Some on social media have called the new agency a Haitian Central Intelligence Agency (CIA). But the final clause decreeing the ANI’s power suggests a more apt comparison: a Haitian Gestapo.

The ANI will “receive and carry out the mandate to investigate for justice, apprehend the persons wanted by the judicial authority, and bring them before the competent authorities.”

the ANI’s power suggests a more apt comparison: a Haitian Gestapo.

In short, this secret agency’s completely anonymous officers (Article 43) will have false identities (Article 44), carry guns (Article 51), be legally untouchable (Article 49), and have the power not just to spy and infiltrate but to arrest anybody engaged in “subversive” acts (Article 29) or threatening “state security” i.e. the power of President Jovenel Moïse.
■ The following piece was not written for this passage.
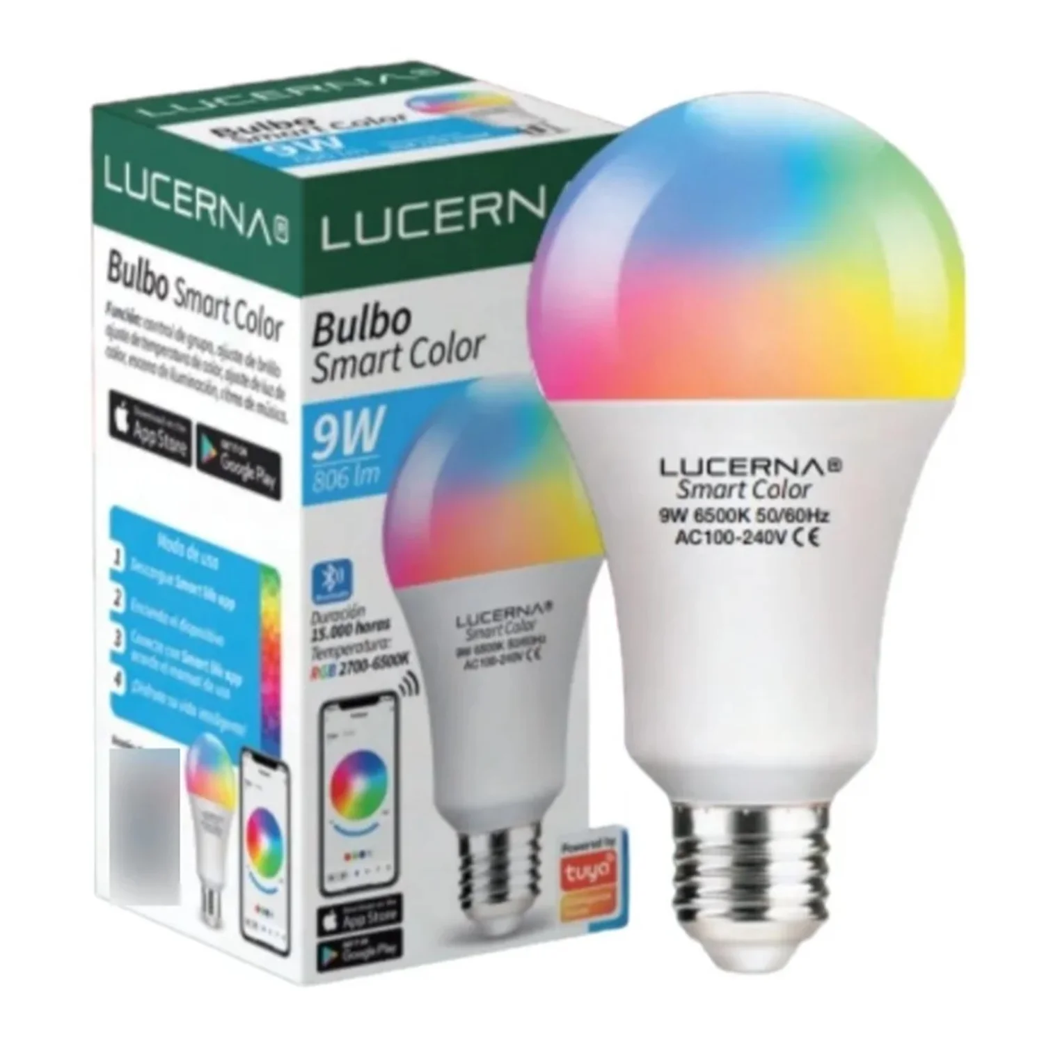 El bombillo LED Smart 9W RGB se caracteriza por su capacidad de emitir luz en una amplia gama de colores, lo que permite adaptar la iluminación a diferentes estados de ánimo y ocasiones. Sus características principales incluyen un consumo de solo 9 vatios, lo que lo convierte en una opción de bajo consumo energético en comparación con los bombillos incandescentes tradicionales. La tecnología LED asegura una larga vida útil, alcanzando hasta 25,000 horas de uso, lo que reduce la frecuencia y el costo de reemplazos.

A similar role was played by the Duvalier regime’s Volunteers for National Security (VSN), popularly known as the Tonton Macoutes, an internationally infamous paramilitary force.

“They are putting in place the infrastructure to track, repress, and intimidate the huge demonstrations and outcry that are already building against Jovenel’s plan to remain in power beyond Feb. 7, 2021, the date the Constitution says he must step down,” said Berthony Dupont, the director of Haiti Liberté. “The completely illegal ANI will be one more weapon to beat back the opposition and popular movement clamoring for Jovenel’s departure.”

In the same issue of Le Moniteur containing the 19-page ANI decree, there is a five-page decree “for strengthening public security” which orders that people convicted of “terrorism” will be jailed for 30 to 50 years and pay a fine of 2 million to 200 million Haitian gourdes ($28,797 to $2,879,706).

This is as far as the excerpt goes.